Yes, a good find indeed. I was wondering whether that view had changed, and was glad to find that it really hasn’t. In fact the Chyulu Hills seem to a National Park now. Can’t imagine anything lovelier than riding through them on horseback which seems to be on offer there now.
Beautiful. I find myself envious of your junk pile.
Fabulous photo. There doesn’t seem to be any completely satisfactory way to declutter. I try to declutter at least twice a year but I still feel as though I am drowning in stuff, particularly stuff which I may want sometime in the future. 😀
One never knows what is priceless, but I’m betting this photo brought back some wonderful memories. It did for me as well.
You are so right, Lulu. It did 🙂
A nice find. Funny the things we keep thinking one day we might do something with them. I am quite good at decluttering, have had to be given the number of times I have moved house, but still hold on to some things for purely sentimental reasons, including a load of postcards. One day I shall use them on the blog. But I’m not sure I can use the actual image for copyright reasons.
Quit beating yourself up for saving treasure. So rich. No one else has these pictures. I can relate to your urge to declutter but I’m such a Non deleter and you need your resources.
Many thanks, Ruth for those heartening words 🙂
Elemental my dear Tish. I thought it might be Kilaguni? 🙂
Save the clippings. They are a testimony. And will start the fund for the Tish Farrell Library you will leave once you are gone. 🙂
This picture made me wonder whether the Africa us wazungu have come to cherish really exists? I odn’t think Africans (anywhere) have the same vision.

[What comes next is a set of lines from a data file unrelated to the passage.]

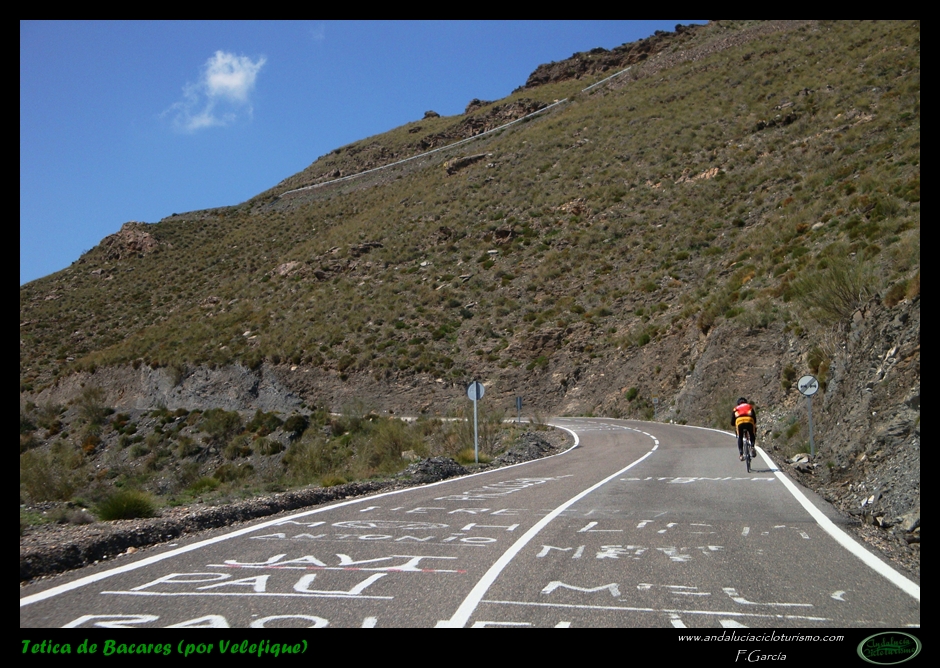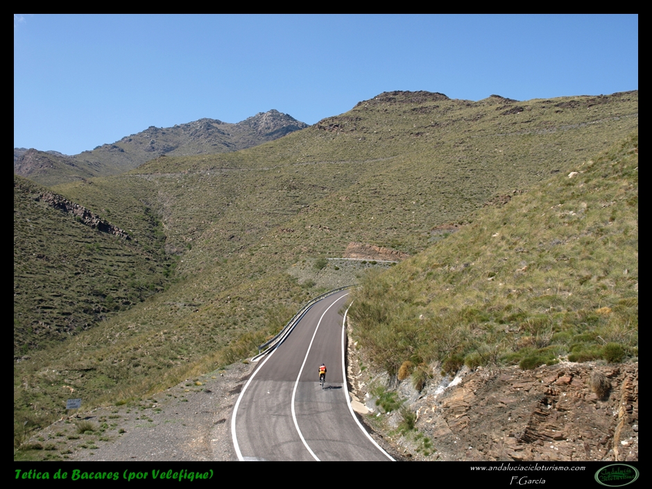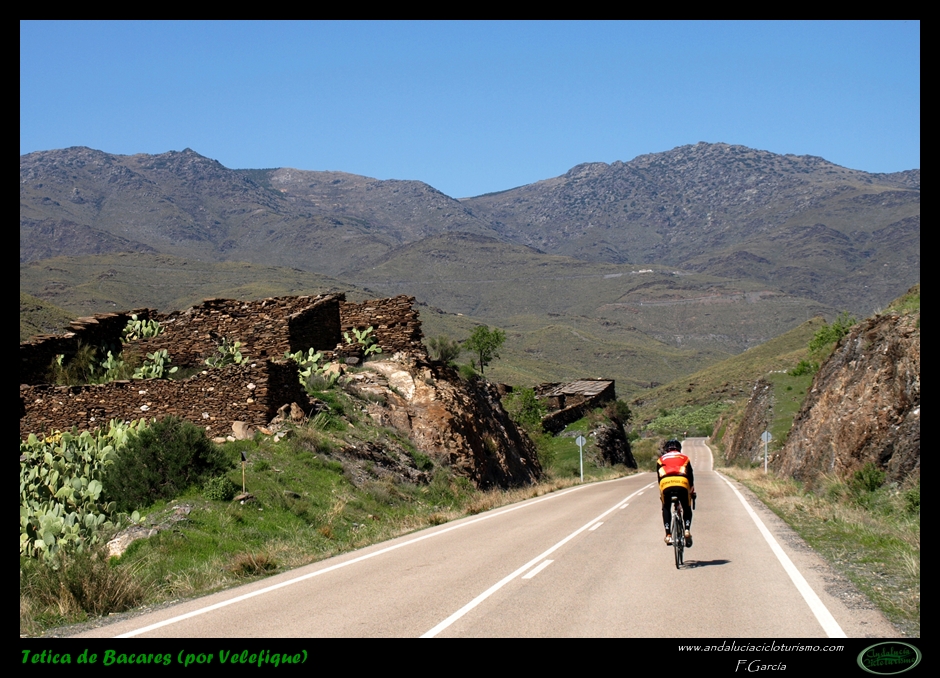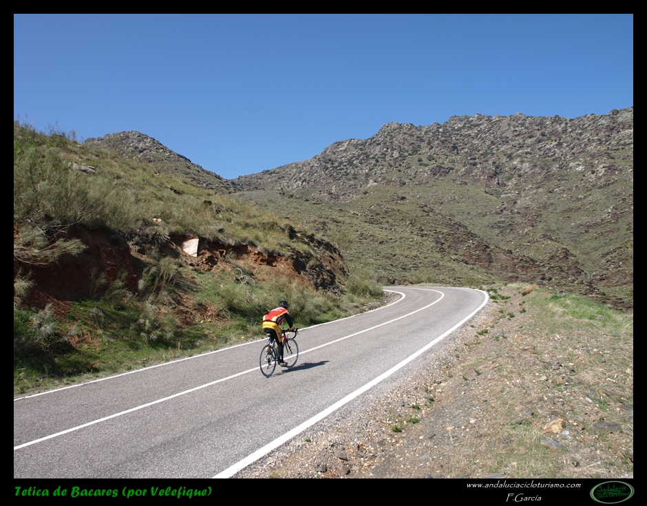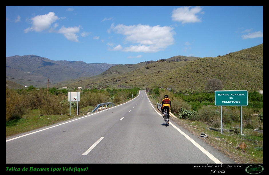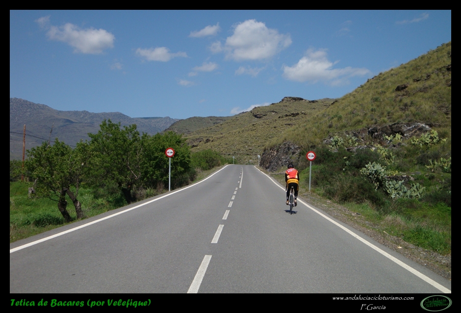 Si venimos desde Tabernas, nuestras piernas habrán notado cómo hasta llegar a este punto la carretera, lejos de llanear, sigue una tendencia siempre ascendente, de forma muy suave, pero constante. Pues bien, dicha tendencia se acentúa ligeramente a partir de la mencionada rambla hasta que, pocos kilómetros más tarde, en las inmediaciones de Velefique, muda definitivamente en franca cuesta.
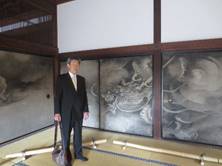2017年11月11日 甥の結婚式に京都へ 弟の長男の結婚式と披露宴に出席するため、家内と二人で週末を京都で過ごしました。学生時代からのお付き合いが実り晴れの日を迎えました。弟とはお互いに所帯を持ってそれぞれの土地で暮らしましたから顔を合わせることは少なく、弟の家族と話をする機会もめったになかったのですが、心の絆はずっとつながっていて、伯父としても大変嬉しいことです。 せっかくの京都なので結婚式前日に京都に入り、家内と一緒に妙心寺、相国寺、建仁寺の天井雲龍図巡りをしました。雲龍図はそれぞれみごとで、狩野探幽、狩野光信、小泉淳作の絵にかける想いと気迫が龍に乗り移っているかのような印象を受けました。建仁寺では撮影が許されていたので、雲龍図や襖絵を写真に収めました。庭の見学も楽しみのひとつで、もみじの色付きがとても華やかに写りました。 結婚式当日は早起きして東寺を訪ねました。金堂内の薬師三尊像、講堂内の立体曼荼羅はまさにこの世にはない世界を観ているような気持ちになりました。五重塔のそれぞれの如来様にも手を合わせて東寺をあとにしました。 結婚式場の東山界隈は前日の清めの雨に掃かれた坂道が清々しく、間近かに見える八坂の塔は荘厳でした。その日一組だけの式場は落ち着いていて、お客様には喜ばれたのではないかと思います。甥夫婦に幸多かれと祈りながら披露宴の進行を見守りました。心温まる立派な披露宴でした。 若い夫婦の門出を祝い、京都の古き良き時代に触れて、思い出深い旅行でした。 |
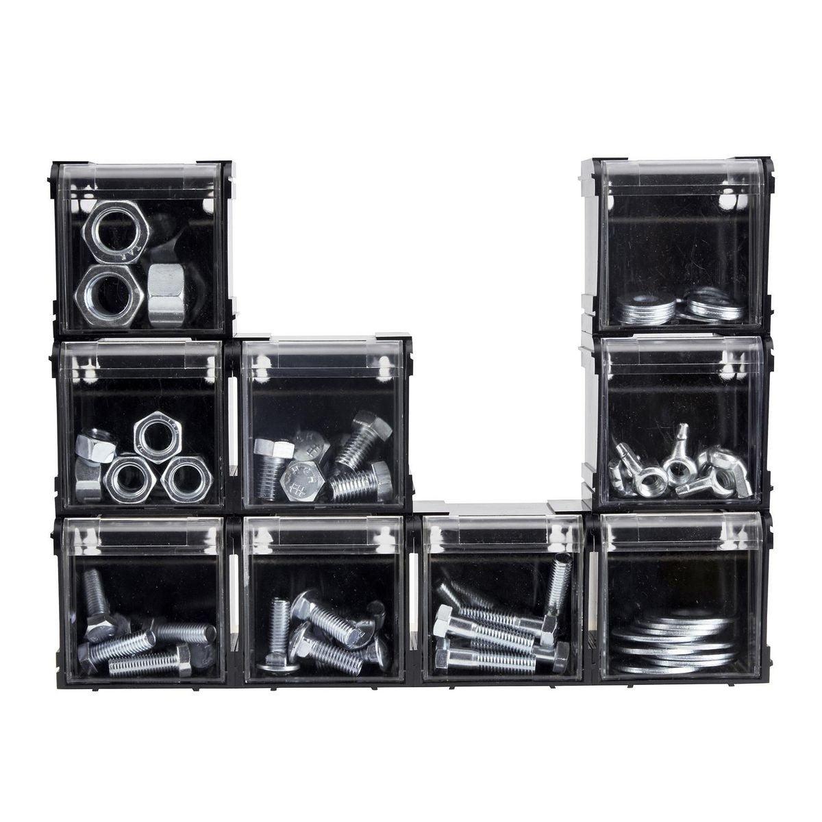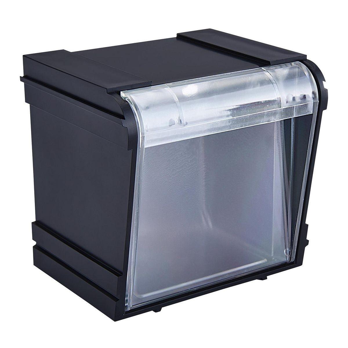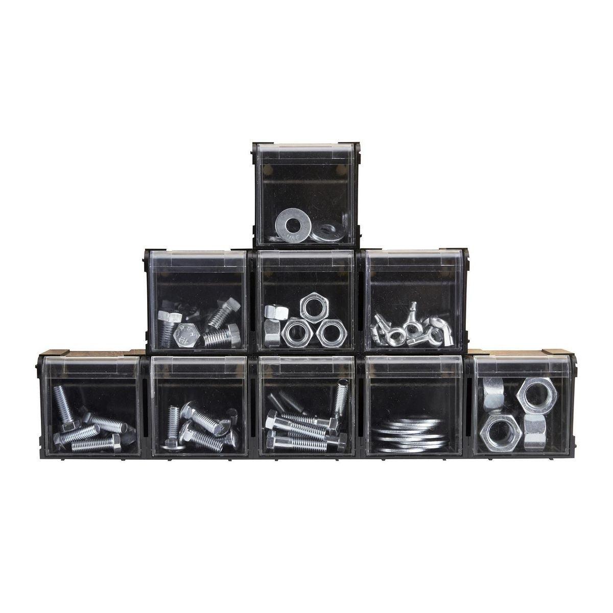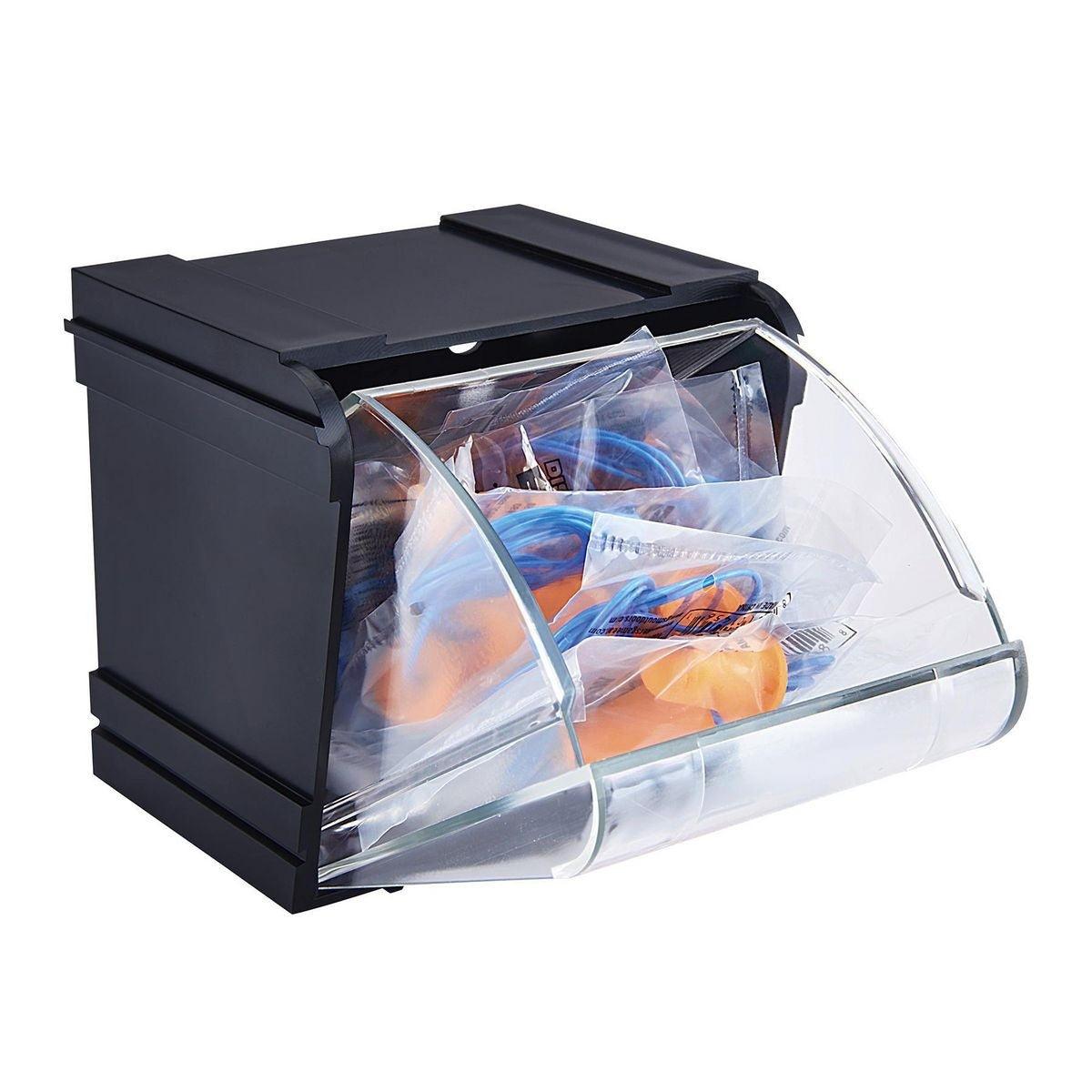 This 4 in. stacking tilt bin features a compact design making it ideal for home, office and jobsite use. With a durable impact resistant construction and interlocking grooves allowing multiple units to attach to each other - vertically or horizontally - the large plastic bin neatly stacks in cabinets, desktops, or can be wall mounted.
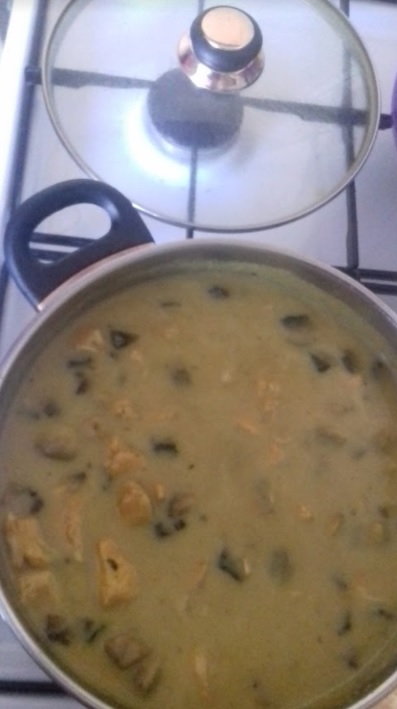 Gulasz z piersi kurczaka, ziemniaki,mizeria. Bylo dobre :mniam:
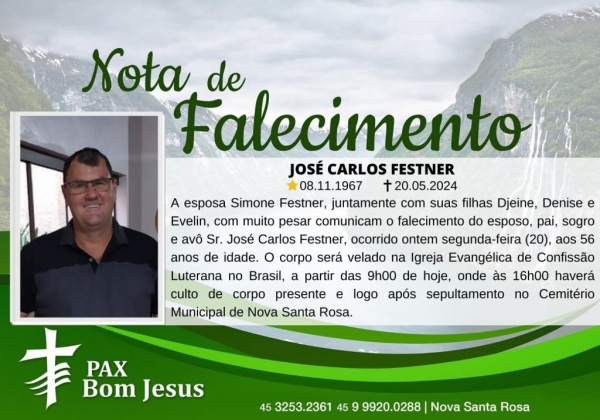A esposa Simone Festner, juntamente com suas filhas Djeine, Denise e Evelin, com muito pesar comunicam o falecimento do esposo, pai, sogro e avô Sr. José Carlos Festner, ocorrido ontem segunda-feira (20), aos 56 anos de idade.
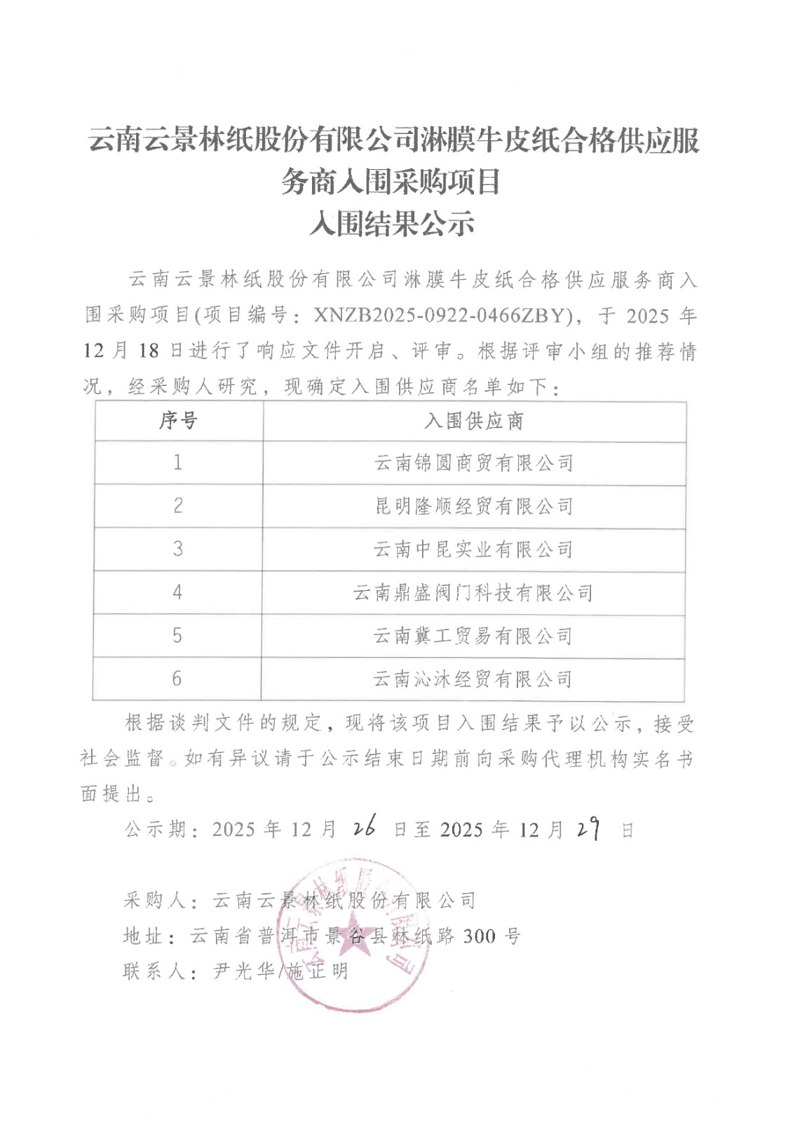云南云景林紙股份有限公司淋膜牛皮紙合格供應服務商入圍采購項目入圍結(jié)果公示
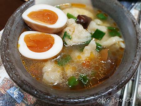 今天做的麵疙瘩是素食版,也可以加點肉片或是海鮮。
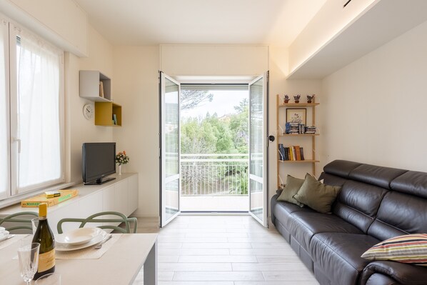 La proprietà dispone di un elegante soggiorno a pianta aperta arredato con tavolo e sedie da pranzo, un comodo divano e una smart TV a schermo piatto. Quest\'area si apre su un piccolo balcone e incorpora una cucina moderna dotata di piano cottura a gas, forno, microonde, macchina da caffè Mokka e frigorifero con congelatore.

Bu then it is probably true of other places: the France most foreigners see, is not the same country French people have in mind…
Enough rambling. And asante sana na picha. A very good shot. I’de never actually seen the hills in the background.
Kilaguni was the spot indeed, Brian. And you raised some thoughts that I often mull over. We wazungu did/do romance about Africa. I suppose to most traditional African communities land or cattle or both are both sacred in a deep sense AND sources of livelihood. It’s more about meaning than beauty observed. And many thanks for the advice about the archive. Rather than dispose of it, I perhaps need to read it 🙂
You’re totally right. About land and cattle. Wildlife is a nuisance. But then if you think traditional garb, Masai, and others, beauty and elegance are definitely sought. Just different perspectives. And, yes, do read the archives and partake some. Kwaheri sassa.